In the United States, a bypass trust is an irrevocable trust into which the settlor deposits assets and which is designed to pay trust income and principal to the settlor's spouse for the duration of the spouse's life. The transfer of the settlor's assets to the bypass trust for the benefit of the spouse is a tax-free transfer under the currently unlimited Marital Deduction. At the settlor's death, the assets in the bypass trust are not included in the settlor's estate, effectively reducing the total value of the estate and therefore potentially limiting the estate taxes owed at the settlor's death.

Bypass trusts are used in the United States as a legitimate tool to circumvent gift tax, and to minimize taxation of assets upon death of a married couple. The term may have different meanings in other jurisdictions.

==In the United States==
A bypass trust is a long-term planning device. It is typically created as part of an A/B Living trust estate plan after the death of the first spouse to die. During life, a married couple transfers ownership of property into a trust. Upon the death of the first party to die, the terms of the trust require that some portion of the property be transferred into "TRUST A" and some other portion into "TRUST B."

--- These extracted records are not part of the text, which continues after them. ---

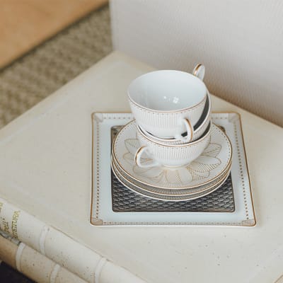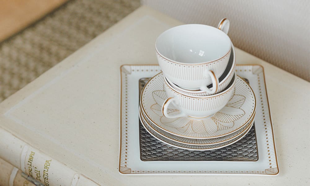 La Maisonétend la collection Malmaison en service de porcelaine fine. On y retrouve les motifs phares sur fond blanc, ils évoquent un luxe discret, nourri de précision et de délicatesse. Cette collection iconique, rehaussée d’or ou de platine, trouve place sur les tables les plus raffinées depuis le début du XXe siècle.
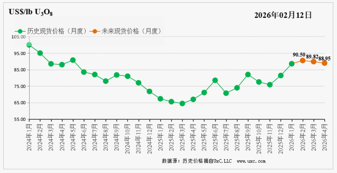 CNEA国际天然铀价格预测指数(2026年2月)
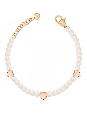 Bracciale da donna di Ops Objects della collezione love spheres. Bracciale realizzato in acciaio color oro rosa con pietre semi-preziose bianche e cuori. La chiusura è con moschettone. La referenza è opsbr-779
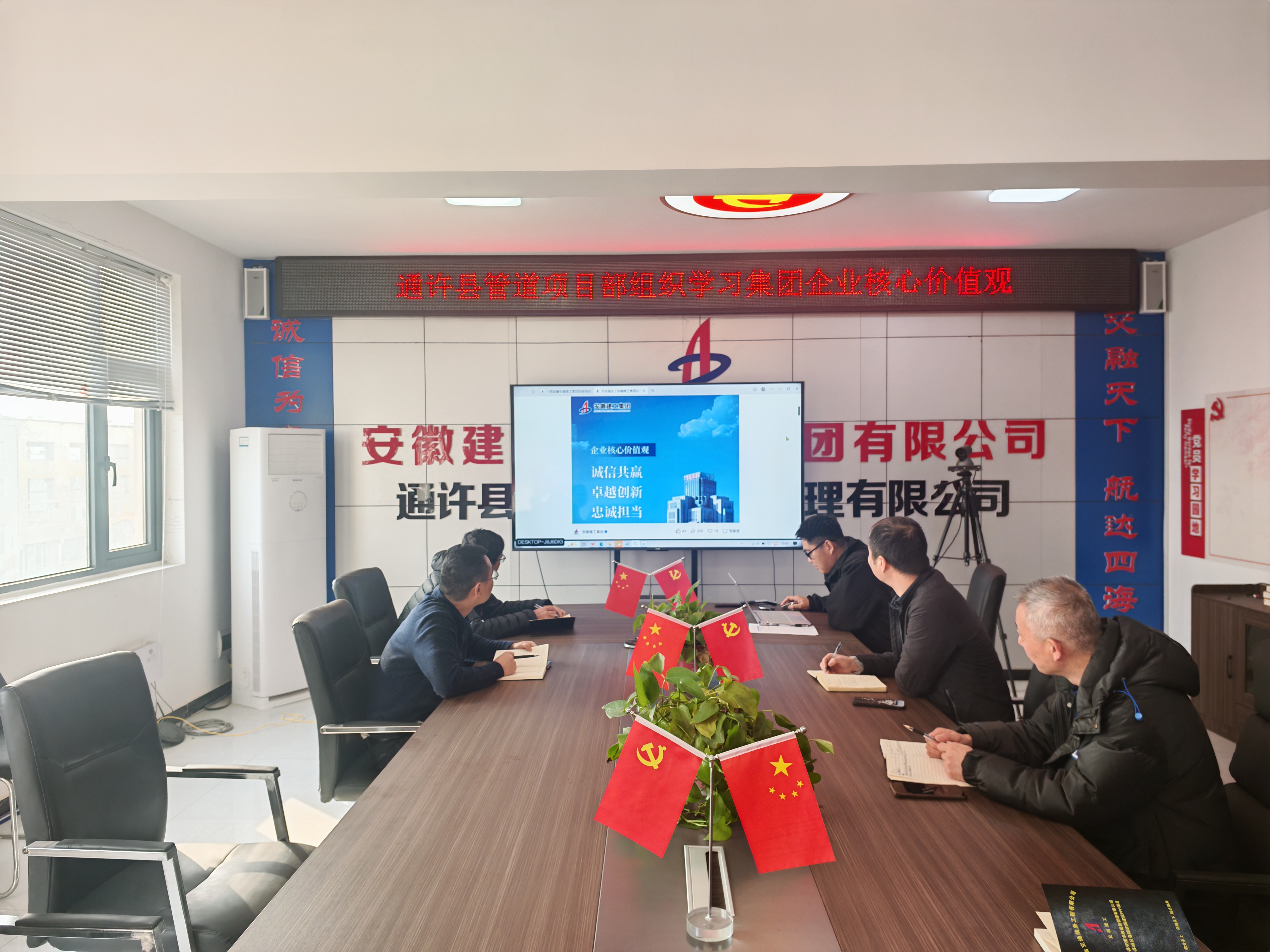 通許縣管道項(xiàng)目組織并召開(kāi)了集團(tuán)核心價(jià)值觀學(xué)習(xí)宣貫專題會(huì)議,傳達(dá)學(xué)習(xí)了集團(tuán)《關(guān)于開(kāi)展安徽建工集團(tuán)核心價(jià)值觀學(xué)習(xí)宣貫的通知》文件,對(duì)集團(tuán)核心價(jià)值觀“誠(chéng)信共贏 卓越創(chuàng)新 忠誠(chéng)擔(dān)當(dāng) 敬業(yè)清正”進(jìn)行闡釋講解。
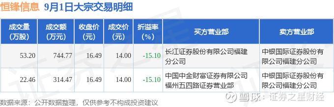 证券之星消息,9月1日恒锋信息发生大宗交易,交易数据如下:

Trust A holds property that remains accessible to the surviving spouse during his or her life. That way the surviving spouse has enough wealth at hand to provide for his or her needs until death.

Trust B receives the other portion of the original trust's property in a manner that minimizes taxation, which necessarily prevents it from being accessible to the surviving spouse during his or her life. This trust is meant to pass on property to heirs, usually the spouse's children, on death of the remaining spouse, but in a way that minimizes the estate tax and gift tax that would have been applied to the property if it had passed through a will, or if given as a gift during life (gift inter vivos).

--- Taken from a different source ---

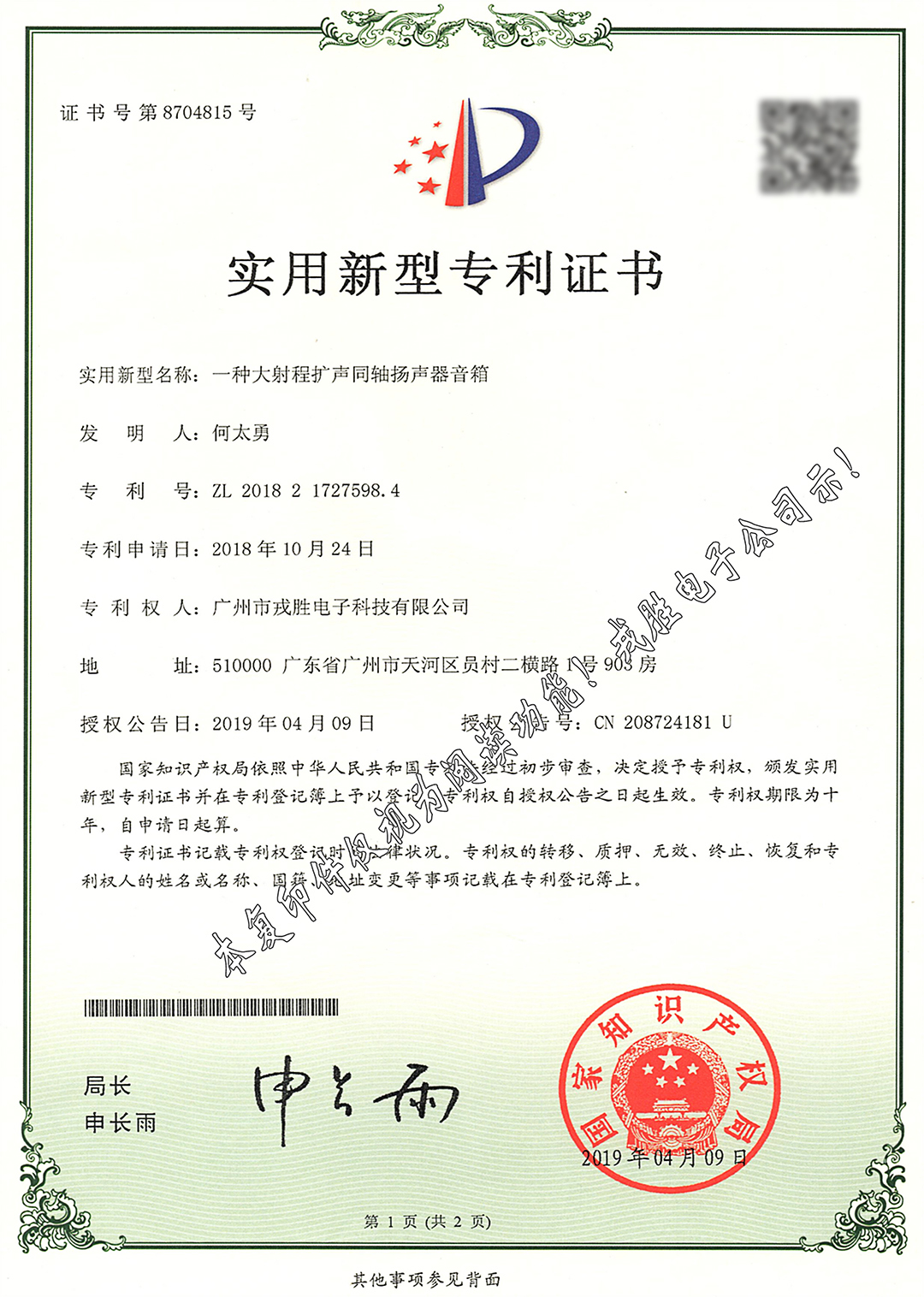 实用新型专利证书

A bypass trust receives property as specified in the trust document - the bypass trust may receive all of the property of the decedent spouse, or half of the spouses' co-owned property, or it may receive enough property to make full use of the decedent's estate tax exclusion.

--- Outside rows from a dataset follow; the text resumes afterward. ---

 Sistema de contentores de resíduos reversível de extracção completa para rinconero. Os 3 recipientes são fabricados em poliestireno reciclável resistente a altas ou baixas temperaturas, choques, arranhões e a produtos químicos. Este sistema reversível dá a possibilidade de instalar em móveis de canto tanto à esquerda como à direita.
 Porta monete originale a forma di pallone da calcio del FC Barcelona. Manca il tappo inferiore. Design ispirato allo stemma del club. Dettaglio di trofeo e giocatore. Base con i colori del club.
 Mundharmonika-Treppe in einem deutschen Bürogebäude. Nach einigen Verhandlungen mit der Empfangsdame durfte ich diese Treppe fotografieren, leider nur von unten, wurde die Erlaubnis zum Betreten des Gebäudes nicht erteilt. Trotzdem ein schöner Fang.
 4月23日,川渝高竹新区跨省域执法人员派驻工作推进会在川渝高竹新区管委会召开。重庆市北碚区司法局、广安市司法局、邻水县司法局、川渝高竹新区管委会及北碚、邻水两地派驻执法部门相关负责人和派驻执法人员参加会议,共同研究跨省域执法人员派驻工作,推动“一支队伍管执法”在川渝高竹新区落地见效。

It is important that each trust be drafted with absolute precision as the IRS has specified the exact wording to be used.

The bypass trust is typically created to achieve one or more of the following goals:
- To maximize the use of the decedent's estate tax exclusion amount, in order to minimize estate tax upon the death of the surviving spouse
- To ensure that the decedent's spouse's property will be disposed of in accordance with the decedent's wishes, even if the surviving spouse remarries or chooses to adopt a different estate plan for the surviving spouse's assets.